Die Abschnitte der Stunde wurden mithilfe dieser Pusteblume visualisiert. Ganz klar wurden aber die Ziele der Stunde über eine Lernzielorientierung von der Kollegin benannt. Diese könnt ihr oben bei Ziel lesen. Oftmals erlebe ich, dass zwar Dinge, die in der Stunde eine Rolle spielen, visualisiert werden, aber häufig sind es eigentlich die Sozialformen. Ohne jetzt fachdidaktisch wertvolle Literatur zu zitieren, vermittle ich immer wieder, dass Kinder ganz klar wissen sollten- Was lernen/tun wir? Wie, wann, wo geschieht das....auch warum machen wir das. Natürlich können nicht immer alle Komponenten angesprochen werden. Auch Teilzielorientierungen sollten immer wieder eingesetzt werden. Sie können als Unterrichtsphasentrenner dienen. Natürlich hängt alles auch von der Art der Stunde ab. Es ist ein großer Unterschied, ob ich sehr offen arbeite, hin zum Unterricht, in dem ein Wechsel zwischen offenen Unterrichtsformen und frontalen Phasen stattfindet. Der Schmetterling, den man oben in der Pusteblume sieht, wurde jeweils an den entsprechenden Unterrichtsabschnitt geheftet.
 
Ihr seht ja, dass die Kinder eine Forscherzeit hatten. In dieser lösten sie ihre differenzierten Forscheraufträge, die man hoffentlich einigermaßen im  Tafelbild erkennt. Mir geht es nicht darum, den Inhalt der Aufgaben zu zeigen, sondern wie die Gestaltung war. Es ging u.a. um die Entwicklungsstadien und dazu waren neben den farbigen Applikationen Sachtexte zu erlesen, welche unterschiedlich gefärbt waren. Das jeweilige Kind wusste durch seinen Auftrag, welchen Text es lesen sollte, um die Forscheraufgabe zu lösen. Die Idee des Rettungsrings finde ich gut. Unter diesen heften die Kinder ihren Namen, die Hilfe benötigen. So konnte die Lehrerin recht schnell reagieren.

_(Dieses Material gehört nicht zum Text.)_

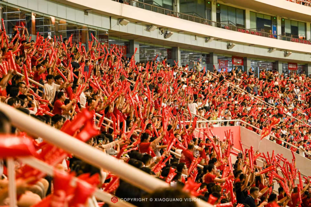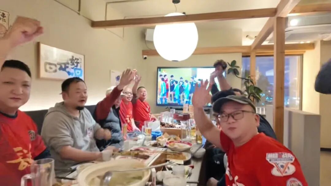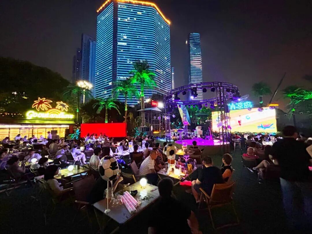 在野肆月球,巨型LED屏矗立草坪中央,数百名球迷围坐于露营椅上观看球赛直播。

 Zur Ergebnissicherung kamen alle wieder in den Sitzkreis und nun wurden die Forscheraufgaben bzw. Fragen geklärt und die Frage- Was haben Nudeln und Erbsen mit Schmetterlingen zu tun?- erörtert.
 Oben seht ihr den Puzzleschmetterling, der zur Ergebnissicherung genutzt wurde. Frage für Frage wurde geklärt und der Schmetterling entstand. Auf die Pappteller wurden Bilder geordnet zur Nahrung.
Hier seht ihr die differenzierten Texte zur Nahrung.
Na? Habt ihr evtl. eine Ahnung, was Erbsen und Nudeln mit Schmetterlingen zu tun haben könnten?
Wer sich auf Pinterest bewegt, wird es wissen. Man kann damit die Entwicklungsstadien veranschaulichen. Erbse=Ei....usw. Ich habe die Nudeln extra mal fotografiert, damit ihr seht, welche man verwenden kann. Eine prima Idee, auf deren Lösung die Kinder selbst kamen.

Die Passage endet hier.